2. LLM choice if applicable. Name the model family (Claude, GPT-4, Llama-3.1, Mixtral). Match to tool-use quality and cost.
3. Grounding strategy. RAG sources, retrieval method (see lesson 14), tool contracts.
4. Evaluation plan. Task success rate, tool-call correctness, off-task rate, hallucination rate on held-out dialogs.
Refuse to recommend a pure-LLM agent for any destructive action (payments, account deletion, data modification) without a structured confirmation flow. Refuse to skip the prompt-injection audit if the agent has write access to anything.
Exercises
- Easy. Implement the rule-based respond above with 10 patterns for a coffee-shop ordering bot. Test edge cases: double orders, modifications, cancellation, unclear intent.
- Medium. Build a hybrid FAQ + LLM fallback. 50 canned FAQ entries for a SaaS product, LLM fallback with retrieval over the docs site. Measure refusal rate and accuracy on 100 real support questions.
- Hard. Implement the agent loop above with three tools (search, read-user-data, send-email). Run an evaluation with 50 test scenarios including prompt injection attempts. Report off-task rate, failed task rate, and any injection success.
Key Terms
| Term | What people say | What it actually means |
|---|---|---|
| Intent | What the user wants | Categorical label (book_flight, reset_password). Routed to a handler. |
| Slot | A piece of info | Parameter the bot needs (date, destination). Slot filling is the sequence of asks. |
| RAG | Retrieval plus generation | Retrieve relevant docs, then ground the LLM's response. |
| Tool call | Function invocation | LLM emits a structured call with name + args. Runtime executes, returns result. |
| Agent loop | Plan, act, verify | Controller that runs LLM calls interleaved with tool calls until task complete. |
| Prompt injection | User attacks prompt | Malicious input that tries to override the system prompt. |
Further Reading
- Weizenbaum (1966). ELIZA — A Computer Program For the Study of Natural Language Communication — the original rule-based chatbot paper.
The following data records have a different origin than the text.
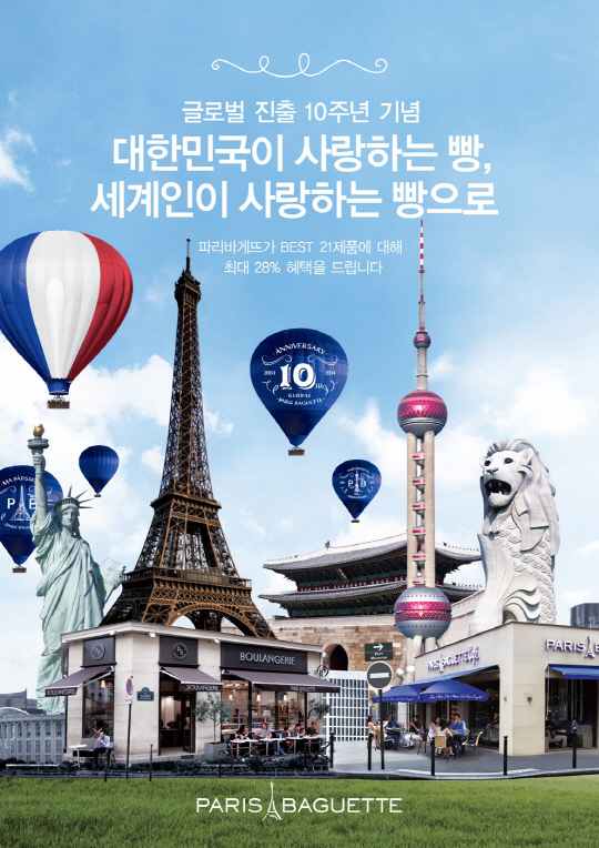 1986년 창립해 우리나라에 유럽풍 문화를 소개, 발전시켜 온 ㈜파리크라상은 1997년 파리바게뜨로 국내 베이커리 업계 1위에 오르며 대한민국 대표 베이커리 브랜드로 성장했다. 2004년부터는 중국과 미국 등 글로벌 시장에 진출해 잇달아 성공을 거두고, 중국?미국?베트남?싱가포르 등에 이어 브랜드의 지향점이자 바게트의 나라인 프랑스 파리에 진출하면서 글로벌 브랜드로서의 파리바게뜨로 자리매김한 지 10주년을 맞이했다.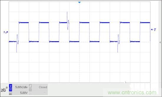 調(diào)試中發(fā)現(xiàn),驅(qū)動器上電但未開啟輸出,電機轉(zhuǎn)軸處于自由靜止?fàn)顟B(tài),測量到一個較大的值。用示波器測量傳感器輸出,發(fā)現(xiàn)100kHz脈沖上每個幾個周期出現(xiàn)一些尖峰振蕩,經(jīng)過比較器后多了些脈沖,導(dǎo)致測頻結(jié)果高于100kHz。那么干擾信號從何而來?首先懷疑是驅(qū)動器,驅(qū)動器斷電干擾消失。把傳感器電纜從傳感器處拔出,100kHz和干擾都沒有了。證明干擾由驅(qū)動器產(chǎn)生,通過驅(qū)動器輸出線、電機、扭矩傳感器及連線耦合到功率分析儀。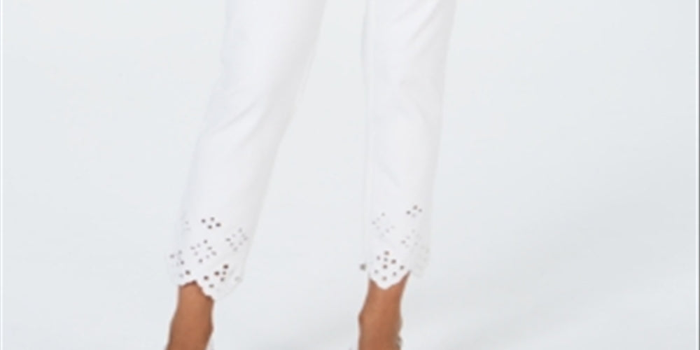 Charter Club Women's Bristol Eyelet Hem Skinny Jeans White Size 14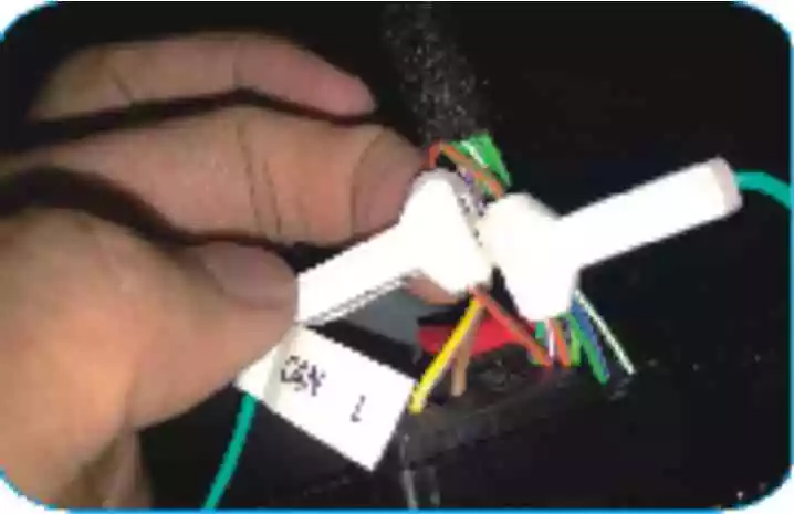 21. 用我司的CAN-H线和CAN-L线夹到空调座子上的橙绿色线和橙棕色线上
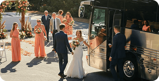 Traveling to wedding events in Washington DC has never been easier than with Oui Buses in charge. Book a bus with a professional driver to chauffeur your guests to a wedding ceremony, reception, bachelor or bachelorette party, bridal shower, and any other wedding celebration.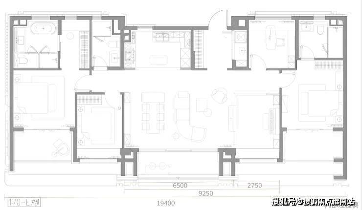 保利誉滨江推出市场罕见的170㎡六开间户型,总面宽近20米.

- Thoppilan et al. (2022). LaMDA: Language Models for Dialog Applications — Google's late neural-chatbot paper, just before LLM agents took over.
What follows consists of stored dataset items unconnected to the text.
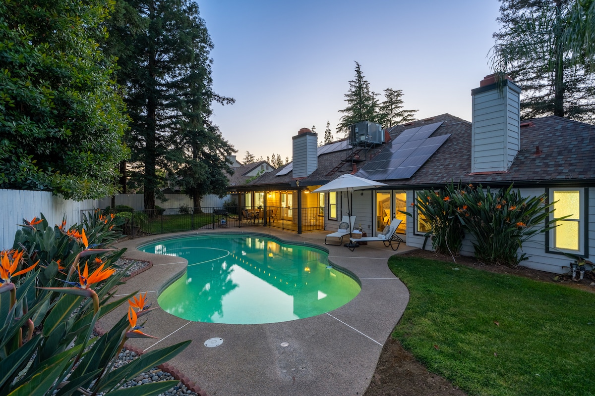 Encompassing three spacious bedrooms, two bathrooms, backyard featuring a swimming pool, brand new hot tub & outdoor dining set the benchmark for NE Fresno grandeur! The entire family-friendly home can comfortably sleep 8 guests. Includes 1 King bed, 1 Queen, 1 Full, queen air mattress & a baby crib. Set over a quarter of an acre, this beautiful home embodies peace & tranquility, ensuring complete privacy. Perfectly suited for business professionals, families, or small groups of travelers!
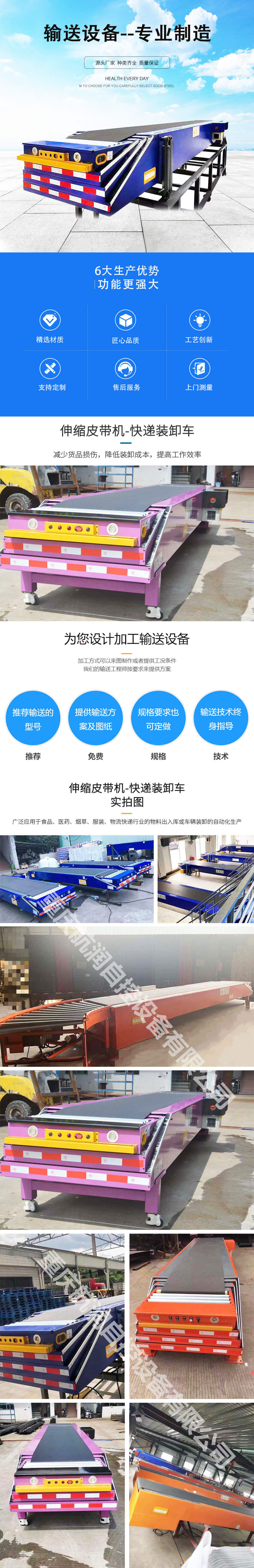 伸縮皮帶輸送機(jī)在長度方向上可以自由伸縮,雙向運(yùn)轉(zhuǎn)輸送物料,可與其它輸送設(shè)備和物料分揀系統(tǒng)配合使用,能縮短了人工往返搬運(yùn)物料的距離,還可以縮短貨物裝卸貨時(shí)間,降低勞動(dòng)強(qiáng)度,減少貨品損傷,降低裝卸成本,提高工作效率; 廣泛應(yīng)用于食品、醫(yī)藥、煙草、服裝、物流快遞行業(yè)的物料出入庫或車輛裝卸的自動(dòng)化生產(chǎn)。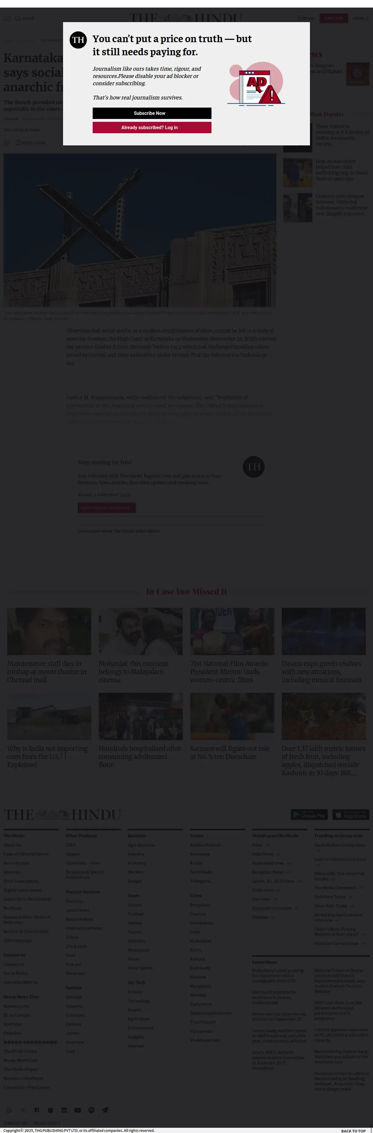 取得元URL: https://www.thehindu.com:443/sci-tech/technology/karnataka-high-court-rejects-x-corp-petition-challenging-take-down-orders/article70088651.ece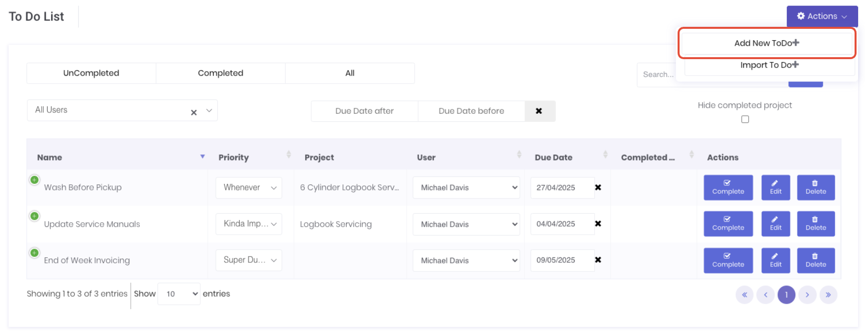- Due Date - To-do due date.

- Yao et al. (2022). ReAct: Synergizing Reasoning and Acting in Language Models — the paper that named the agent loop pattern.
- Anthropic's guide on building effective agents — 2024 production guidance that still holds in 2026.
- Greshake et al. (2023). Not what you've signed up for: Compromising Real-World LLM-Integrated Applications with Indirect Prompt Injection — the prompt-injection paper.
- OWASP Top 10 for LLM Applications 2025 — LLM01 Prompt Injection — the ranking that made prompt injection the top security concern.
- AWS — Securing Amazon Bedrock Agents against Indirect Prompt Injections — practical orchestration-layer defenses including Plan-Verify-Execute and user-confirmation flows.
- EchoLeak (CVE-2025-32711) — the canonical zero-click data-exfiltration CVE from indirect prompt injection. Reference case for why write-access agents need runtime defenses.